I'd just finished my shower and rinsed off the shaving-soap when the front-door bell whirred violently. Slipping on my dressing-gown, I opened up.
Ackie was standing there, his eyes glittering with suppressed excitement. “H'yah,” he said, pushing his way in. His eye spotted the half-pint standing on the mantelpiece and he went straight across and sunk half of it.
“Finish it up,” I said dryly from the door, “don't mind me.”
Ackie shook his head and put the bottle back. “Never drink in the mornin',” he said. “Pity... that ain't bad liquor.”
I said: “Come into the bedroom while I finish dressing.”
He followed me in and sat on the edge of the bed.
“What's the excitement?” I asked, pulling on my shirt.
“I gotta job——” He broke off and gaped at me. “Hi!” he exclaimed, his eyes popping, “what the hell's the matter with your face?”
I shrugged. “Got into a little scrap last night,” I said carelessly. Tell Ackie that a dame had done this? Not a chance! The boys would rib me to death.
Ackie still stared. “Huh,” he said, “gettin' tough, eh?”
“You should have seen the other guys,” I said, knotting my tie carefully in the mirror. “Three great hoodlums set on me——”
“I know... I know....” Ackie grinned. “And you beat hell out of 'em all. Yeah! You don't have to tell me.”
“I ain't goin' to waste time tellin' you anythin' if you ain't goin' to believe it,” I said.
“Okay, then don't, 'cos I won't.”
I shoved my legs into my trousers. “Gettin' back to the point. What's the excitement?”
Ackie stiffened up, as if he suddenly remembered an urgent job. “Yeah,” he said, “I got somethin' for you. How'd you like to pick up a hundred bucks?”
I put on my coat and fixed my hair. Ackie giving away a hundred bucks was someone I didn't know. “Doin' what?”
“You know Colonel Kennedy?”
I turned my head and looked hard at Ackie, but his face was blank. “You don't have to ask that; you know I do.”
“Pretty thick with him, ain't you?”
“Come on, come on.” I stood over him. “What is this? What's Kennedy got to do with it?”

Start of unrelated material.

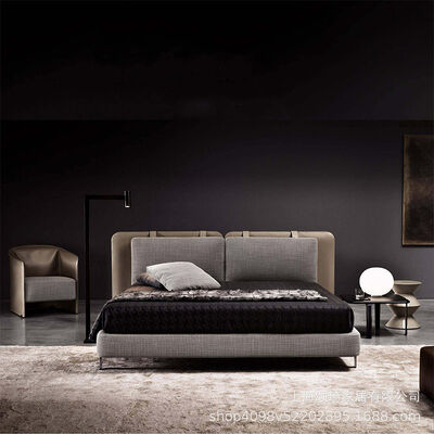 GEDO Modern Luxury Bedroom Furniture Bedroom Set King Size Solid Wood Genuine Leather Bed 2
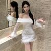 Women's Spice Girl Style One-word Neck Fluffy Long Sleeve Slim Dress

“Listen, Nick, we're in a jam. We gotta see this guy, an' we gotta talk to him.”
This sounded screwy to me. I sat on the table. “Why come an' see me?”

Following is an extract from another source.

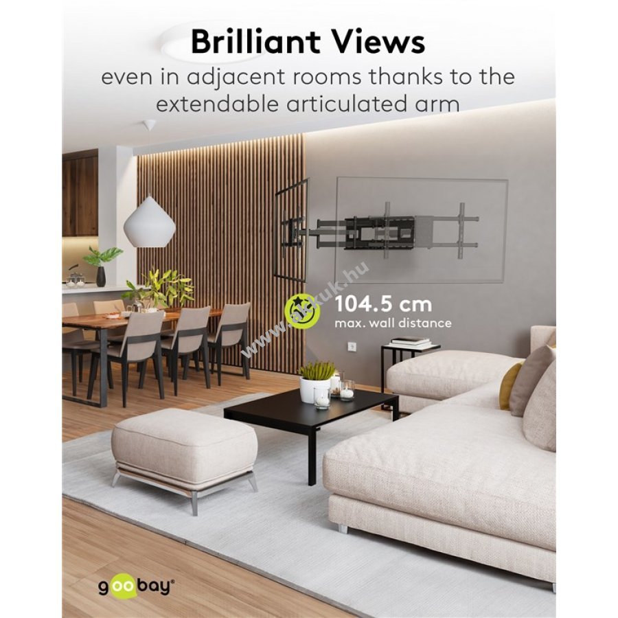 104.5 cm-ig bővíthető, teljes flexibilitás, forgatható és dönthető, VESA kompatibilitás 200x200 mm, 300x200 mm, 400x200 mm, 300x300 mm, 400x300 mm, 400x400 mm, 600x400 mm, 800x400 mm

Ackie fidgeted. “Well, this guy's being difficult, see? He won't see anyone. We reckoned you could talk to him.”
My instinct told me that there was a story hanging to this. A story that might be big. Colonel Kennedy was one of those rich playboys with so much dough that he never found time to finish counting it. The kind of guy who gives away a couple of million and doesn't have his bank manager running round in circles.
Some time ago I helped this guy out of a jam. He was running in a yachting race with a nickel cup hanging to it. He could have bought up the whole cup factory if he'd wanted to, but no, he had to go out in a rough sea and try and win it. Just before the gun went, his crew broke his arm. There was Kennedy hopping mad because he thought the cup was escaping him. Well, I was around and I offered to help him out. Somehow or other we got home first, and that guy was tickled to death.
Doing Kennedy a favour meant something. For the first month I was nearly smothered with the things he used to send me. After four weeks of it I couldn't stand any more, so I changed my apartment and got under cover. Now here was Ackie asking me to go through it all over again.
“You'd better tell me the whole story,” I said, “I ain't movin' without it.”
Ackie groaned. “Listen, Bud,” he said earnestly, “this has gotta be done quick. Suppose you come with me an' let me tell you as we go.”
“Go? Where?”
“The Colonel's up at his fishing-place. You know where that is.”
I knew Kennedy had a retreat in the hills where he used to go when he wanted to get away from people. It was sixty or seventy miles out of town. I'd never been there, but I'd heard a lot about it. I was too much the newspaper man to waste time talking, so I grabbed my hat and what was left of the half-pint and went downstairs with Ackie. He'd got a big Packard outside, with two of the boys sitting in front. One of them nursed a camera complete with flashlight on his lap. They grinned at me as I got in the back with Ackie.
The way that Packard shot away from the kerb was nobody's business.
I lit a cigarette and settled down in the corner. There was plenty of room in the car and the springs were swell. “You do yourself well,” I said, bouncing a little to test the springs.
“Official car,” Ackie said. “This is somethin' big, Nick. The old man himself told me to get you.”
“Suppose you let me have it,” I said.